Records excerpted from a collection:
▬▬▬▬▬▬▬▬▬▬
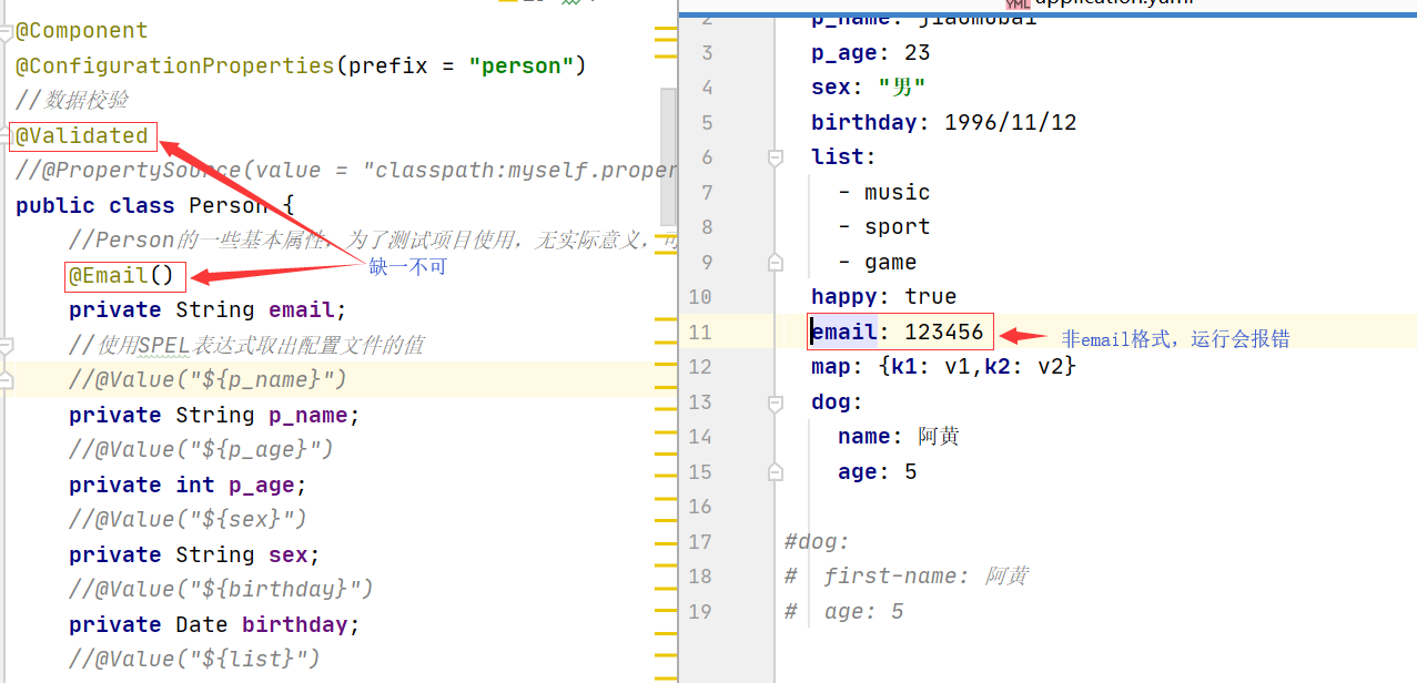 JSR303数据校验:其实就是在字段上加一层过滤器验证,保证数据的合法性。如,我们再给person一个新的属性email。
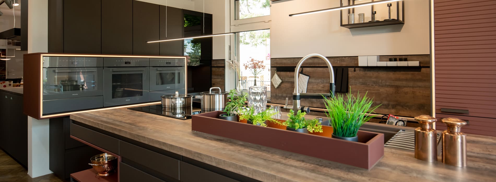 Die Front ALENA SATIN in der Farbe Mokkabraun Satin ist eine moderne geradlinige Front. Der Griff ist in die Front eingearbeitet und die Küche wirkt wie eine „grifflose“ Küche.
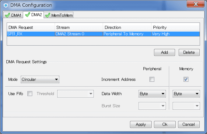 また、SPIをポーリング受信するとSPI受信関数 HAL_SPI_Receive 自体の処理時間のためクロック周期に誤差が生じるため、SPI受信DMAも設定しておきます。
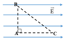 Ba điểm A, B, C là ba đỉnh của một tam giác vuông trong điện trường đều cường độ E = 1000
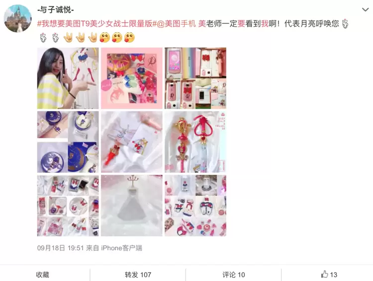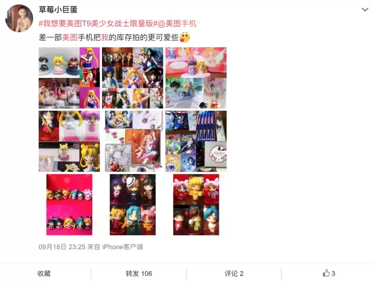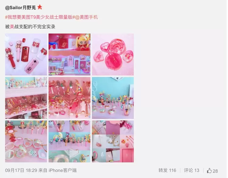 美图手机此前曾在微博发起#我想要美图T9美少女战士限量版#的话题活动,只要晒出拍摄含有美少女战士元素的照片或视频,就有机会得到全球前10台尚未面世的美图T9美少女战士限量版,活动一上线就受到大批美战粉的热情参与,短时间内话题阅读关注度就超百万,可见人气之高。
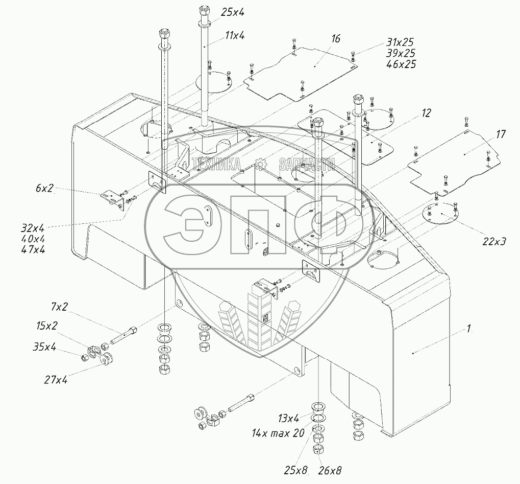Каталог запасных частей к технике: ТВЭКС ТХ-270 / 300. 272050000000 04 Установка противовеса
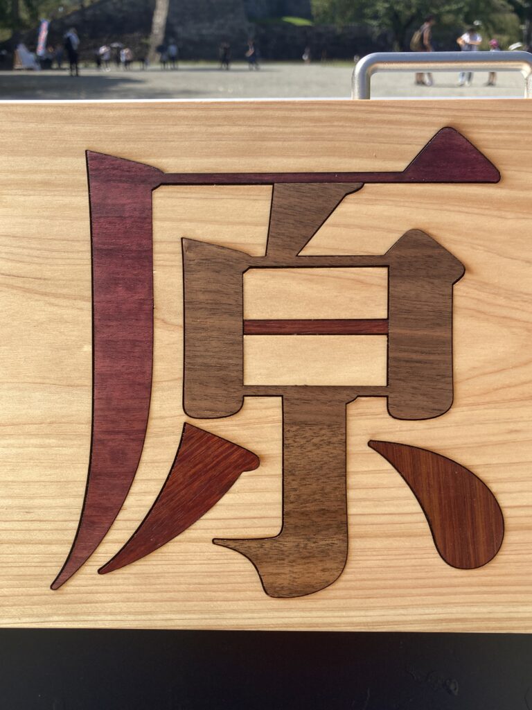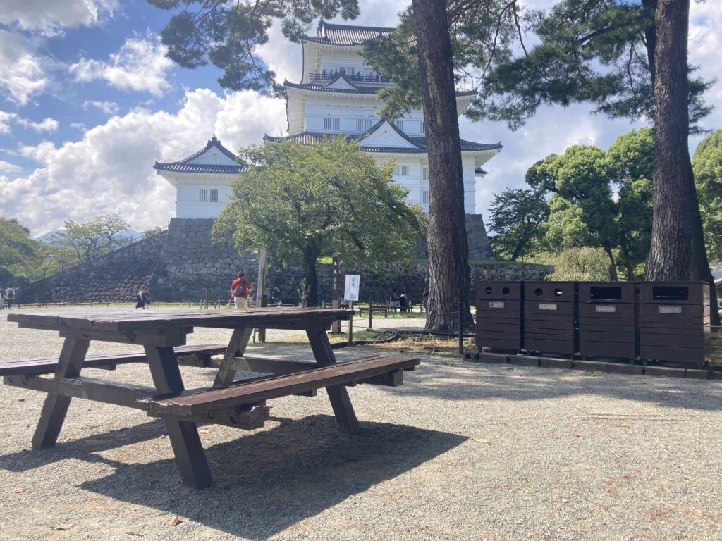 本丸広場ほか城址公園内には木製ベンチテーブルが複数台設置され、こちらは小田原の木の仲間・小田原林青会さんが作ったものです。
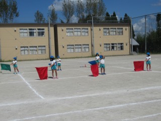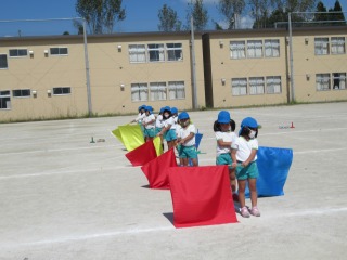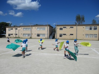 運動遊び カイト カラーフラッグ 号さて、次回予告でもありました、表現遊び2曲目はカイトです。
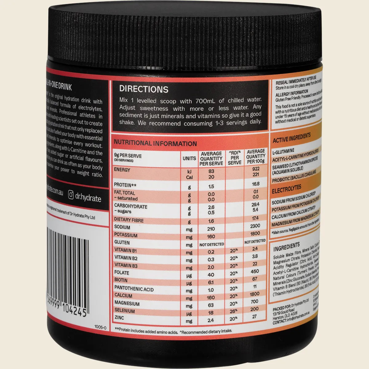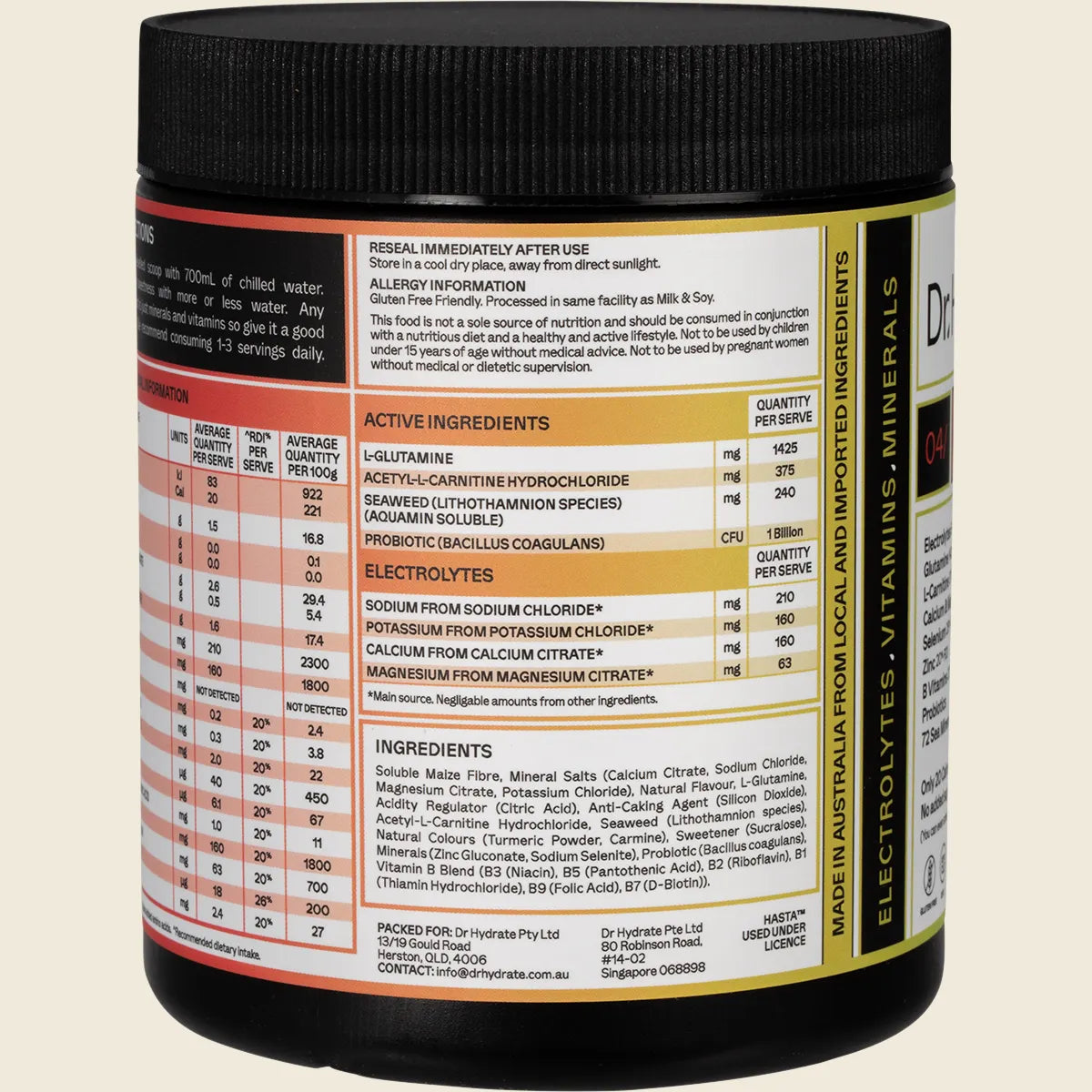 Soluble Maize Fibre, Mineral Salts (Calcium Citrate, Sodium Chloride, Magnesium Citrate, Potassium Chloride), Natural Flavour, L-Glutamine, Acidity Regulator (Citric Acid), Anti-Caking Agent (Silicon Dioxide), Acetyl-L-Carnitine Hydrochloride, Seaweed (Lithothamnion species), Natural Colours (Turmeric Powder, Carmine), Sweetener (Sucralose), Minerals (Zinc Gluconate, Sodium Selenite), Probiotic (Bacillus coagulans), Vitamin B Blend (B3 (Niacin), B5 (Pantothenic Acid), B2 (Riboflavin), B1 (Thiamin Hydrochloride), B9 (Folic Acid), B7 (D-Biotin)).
▬▬▬▬▬▬▬▬▬▬
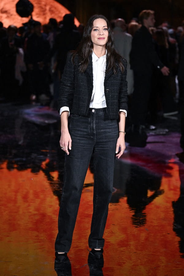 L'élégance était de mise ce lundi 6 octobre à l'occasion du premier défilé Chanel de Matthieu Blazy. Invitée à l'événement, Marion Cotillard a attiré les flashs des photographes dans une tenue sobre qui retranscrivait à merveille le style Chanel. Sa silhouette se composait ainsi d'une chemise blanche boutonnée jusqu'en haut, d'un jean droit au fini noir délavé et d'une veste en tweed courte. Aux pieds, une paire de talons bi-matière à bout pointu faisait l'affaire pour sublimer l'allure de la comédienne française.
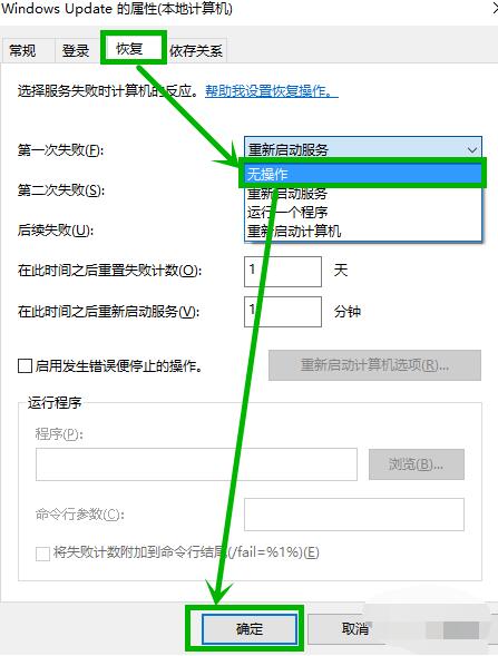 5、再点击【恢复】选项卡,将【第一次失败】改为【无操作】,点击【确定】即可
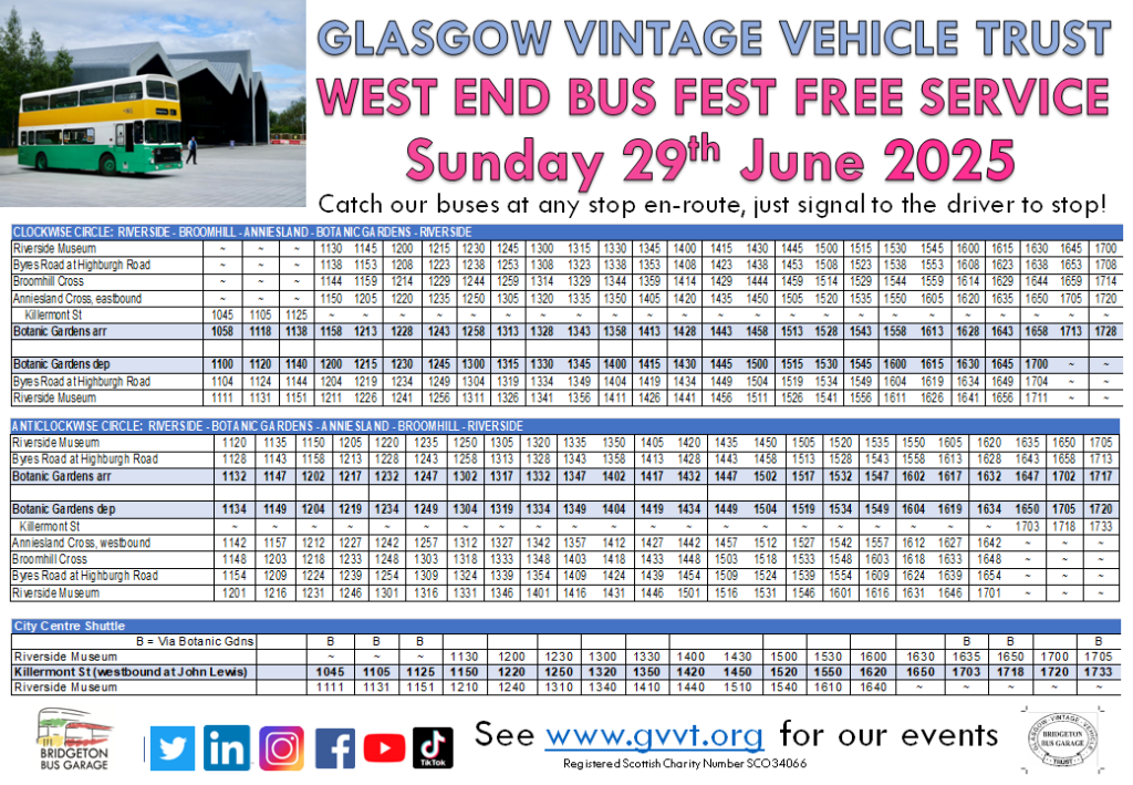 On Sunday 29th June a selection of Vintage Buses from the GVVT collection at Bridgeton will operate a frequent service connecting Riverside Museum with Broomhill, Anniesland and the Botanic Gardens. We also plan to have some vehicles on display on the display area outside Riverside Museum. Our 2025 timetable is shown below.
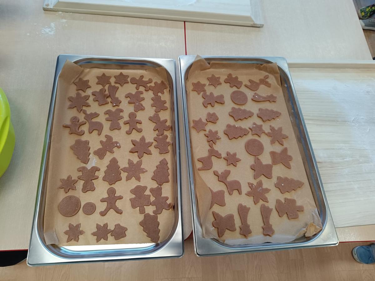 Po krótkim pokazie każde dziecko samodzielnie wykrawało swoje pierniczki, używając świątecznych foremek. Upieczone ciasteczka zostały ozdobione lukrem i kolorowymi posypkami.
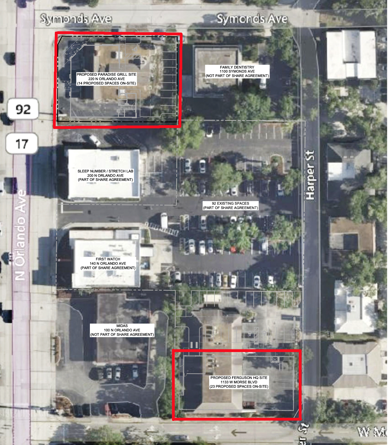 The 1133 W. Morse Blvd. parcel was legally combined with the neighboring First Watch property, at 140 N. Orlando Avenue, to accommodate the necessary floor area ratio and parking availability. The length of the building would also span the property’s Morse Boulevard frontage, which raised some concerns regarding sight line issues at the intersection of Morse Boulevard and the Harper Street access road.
▬▬▬▬▬▬▬▬▬▬
- [What is required]:
Although pictures appear among the records above, none are to be output; print exactly the lines from the line containing "Ba điểm A, B, C" through the line containing "美图手机此前曾在微博发起#我".

- [Output of the exercise]:
 Ba điểm A, B, C là ba đỉnh của một tam giác vuông trong điện trường đều cường độ E = 1000
 美图手机此前曾在微博发起#我想要美图T9美少女战士限量版#的话题活动,只要晒出拍摄含有美少女战士元素的照片或视频,就有机会得到全球前10台尚未面世的美图T9美少女战士限量版,活动一上线就受到大批美战粉的热情参与,短时间内话题阅读关注度就超百万,可见人气之高。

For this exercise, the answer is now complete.